You can no longer post new replies to this discussion. If you have a question you can start a new discussion

Problem in understanding behaviour of GCC compiler (aarch64-none-elf-gcc) on Neon intrinsics for ARM cortex a53

Hi,

I am using IDE Xilinx SDK 2019.1 for my application and running it on ARM cortex a53 processor with Neon and floating point engine support available. I am working on a bare metal application.

The problem I am facing is that, I am unable to understand the disassembly of neon intrinsics functions in my code at highest level optimization i.e O3.

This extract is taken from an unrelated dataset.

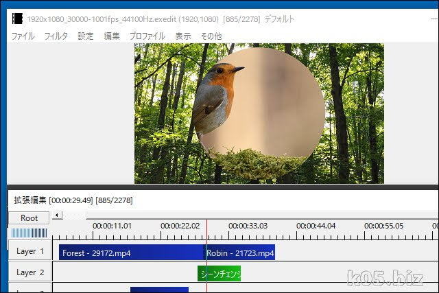 タイムラインのところで、右クリック=>フィルターオブジェクトの追加 => シーンチェンジで、シーンチェンジを挿入。シーンチェンジの設定で、ワイプ(円)を選択。そうすると、場面の切り替え時に、ワイプ(円)の効果を付与することができます。

The following code is just for an example. My original code is using the same intrinsics functions but I am not achieving any performance boost as compared to my original C code. In this code, I am giving as an input two floating point arrays of each 16 elements and then multiplying each 4 elements chunk of array A with array B and storing its result in array C. All of the used variables are local.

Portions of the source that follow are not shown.